**PROMPT**
Nothing outside the range is to be copied. From the entries below, reproduce exactly the lines starting at the one with "Am 18.4.2026 machte" and ending at the one with "北下 吟さんの総格は15画の4点!", without pictures.

**MATERIAL PROVIDED**
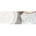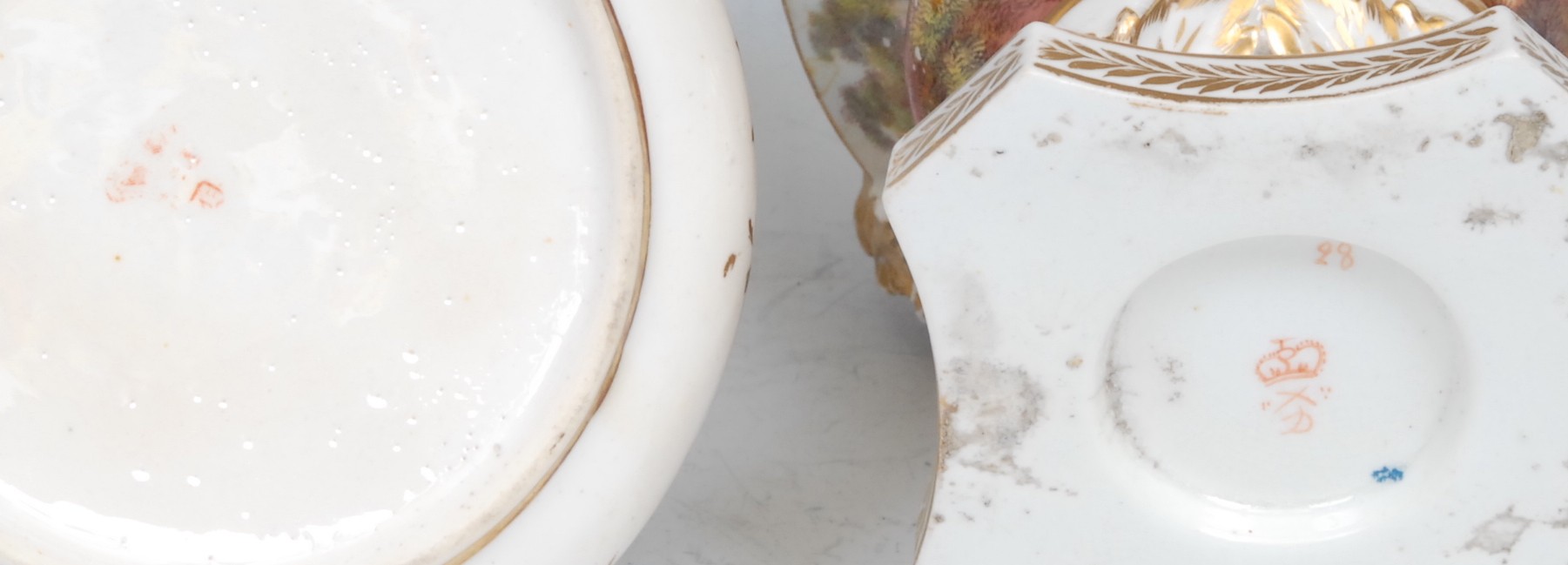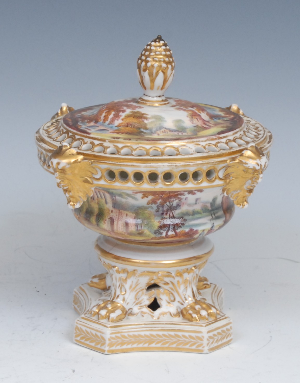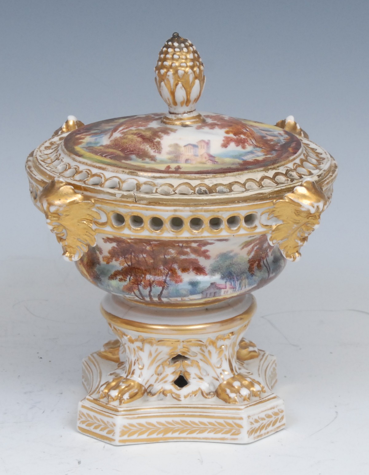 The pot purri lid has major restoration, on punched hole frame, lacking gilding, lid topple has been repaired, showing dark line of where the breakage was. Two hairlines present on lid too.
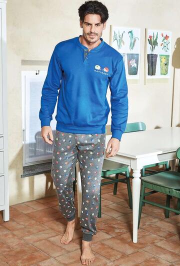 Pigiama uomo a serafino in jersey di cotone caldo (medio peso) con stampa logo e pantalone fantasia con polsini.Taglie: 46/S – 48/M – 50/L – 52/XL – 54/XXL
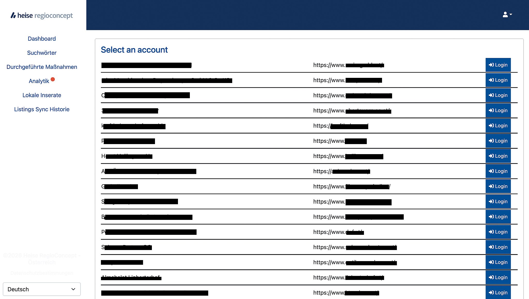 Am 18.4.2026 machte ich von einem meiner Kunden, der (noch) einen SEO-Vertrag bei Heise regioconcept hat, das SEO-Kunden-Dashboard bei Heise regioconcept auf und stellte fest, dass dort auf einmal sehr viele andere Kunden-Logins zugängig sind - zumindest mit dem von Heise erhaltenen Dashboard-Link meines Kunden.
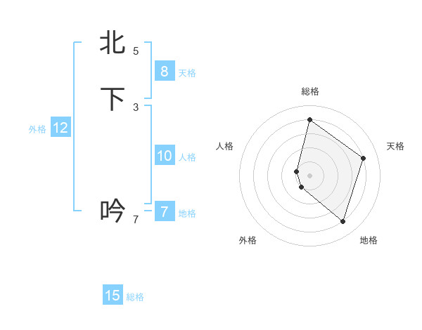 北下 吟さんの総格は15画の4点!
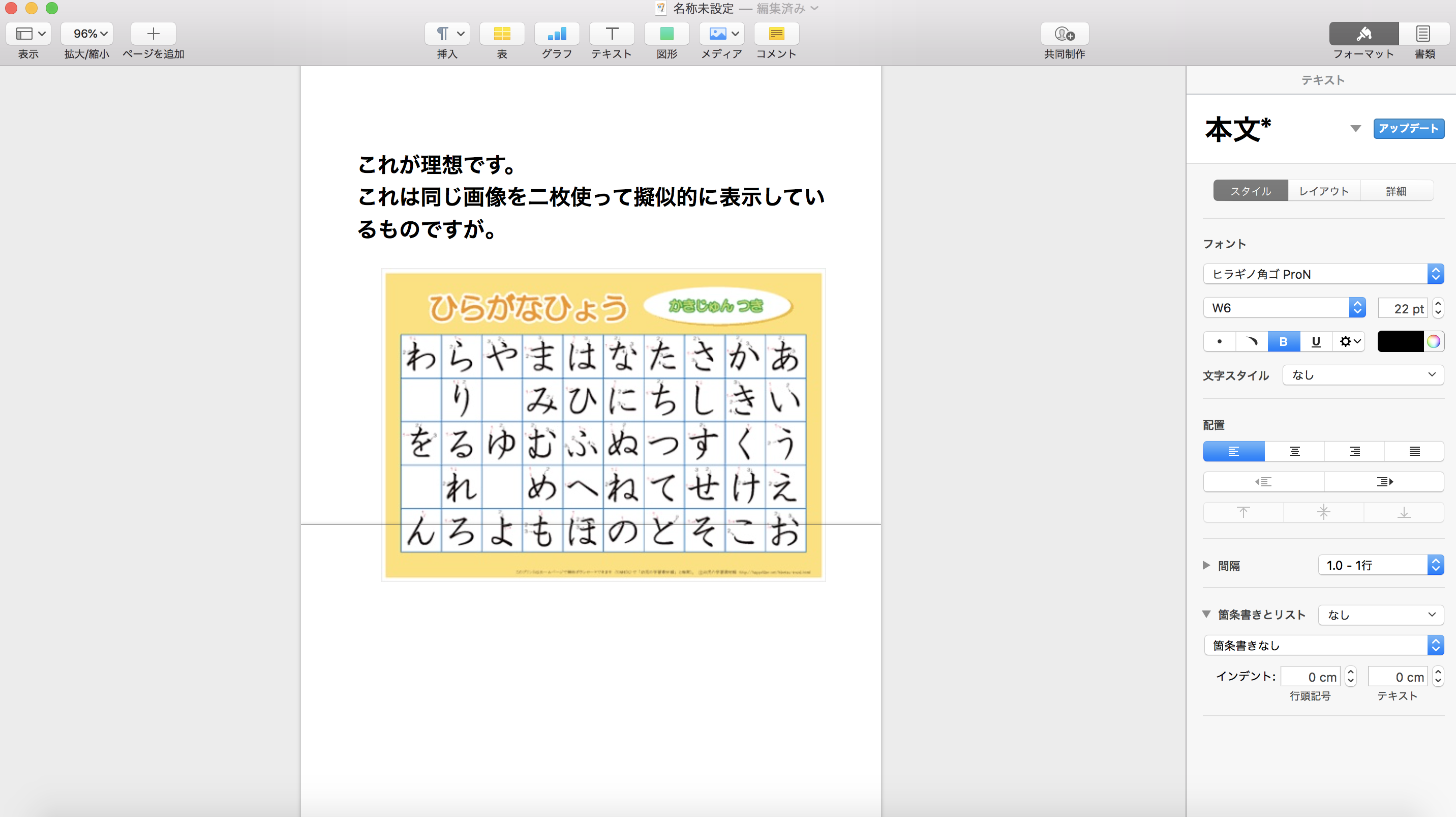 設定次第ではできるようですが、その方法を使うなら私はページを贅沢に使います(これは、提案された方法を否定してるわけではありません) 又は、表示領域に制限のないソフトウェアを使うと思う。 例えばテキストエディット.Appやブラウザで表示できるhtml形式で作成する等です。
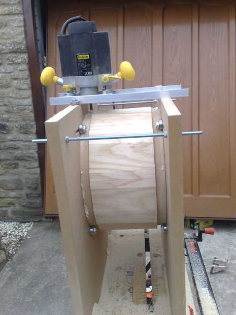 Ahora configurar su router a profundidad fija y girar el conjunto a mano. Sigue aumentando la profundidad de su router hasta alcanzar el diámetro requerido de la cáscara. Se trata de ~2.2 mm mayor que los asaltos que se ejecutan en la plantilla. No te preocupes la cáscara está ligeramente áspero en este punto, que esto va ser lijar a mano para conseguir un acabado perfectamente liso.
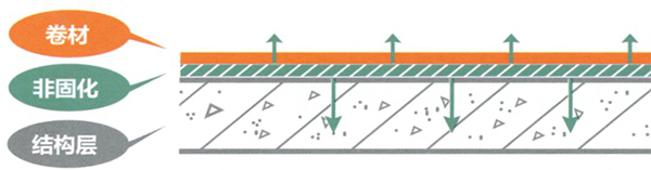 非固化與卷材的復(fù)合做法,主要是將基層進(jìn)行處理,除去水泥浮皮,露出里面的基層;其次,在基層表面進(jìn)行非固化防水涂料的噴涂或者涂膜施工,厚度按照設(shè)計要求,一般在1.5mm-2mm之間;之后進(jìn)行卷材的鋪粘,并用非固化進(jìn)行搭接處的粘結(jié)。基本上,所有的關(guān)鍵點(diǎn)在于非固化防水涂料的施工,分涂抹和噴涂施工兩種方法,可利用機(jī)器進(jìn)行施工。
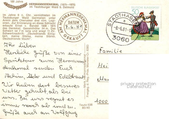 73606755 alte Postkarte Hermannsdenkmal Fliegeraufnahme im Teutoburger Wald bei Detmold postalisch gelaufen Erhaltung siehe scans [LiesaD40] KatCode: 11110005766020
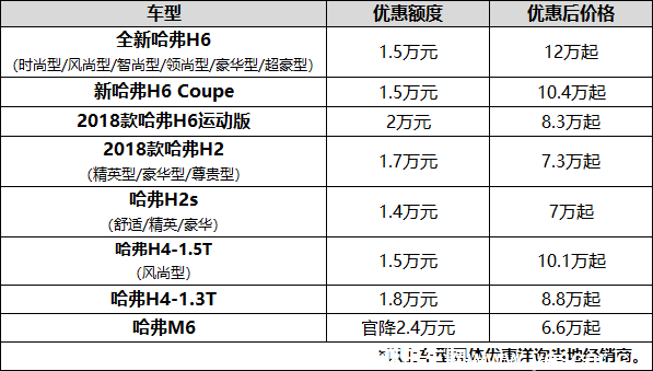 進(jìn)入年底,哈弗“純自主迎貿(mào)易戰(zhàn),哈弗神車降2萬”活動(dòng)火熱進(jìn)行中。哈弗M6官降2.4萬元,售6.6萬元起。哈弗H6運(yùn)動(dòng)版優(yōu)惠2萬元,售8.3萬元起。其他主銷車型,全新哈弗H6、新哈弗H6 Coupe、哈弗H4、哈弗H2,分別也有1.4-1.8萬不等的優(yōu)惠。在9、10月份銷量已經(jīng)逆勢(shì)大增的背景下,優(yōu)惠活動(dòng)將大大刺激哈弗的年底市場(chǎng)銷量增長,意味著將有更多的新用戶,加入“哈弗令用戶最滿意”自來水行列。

**ANSWER TO THIS PROBLEM**
 Am 18.4.2026 machte ich von einem meiner Kunden, der (noch) einen SEO-Vertrag bei Heise regioconcept hat, das SEO-Kunden-Dashboard bei Heise regioconcept auf und stellte fest, dass dort auf einmal sehr viele andere Kunden-Logins zugängig sind - zumindest mit dem von Heise erhaltenen Dashboard-Link meines Kunden.
 北下 吟さんの総格は15画の4点!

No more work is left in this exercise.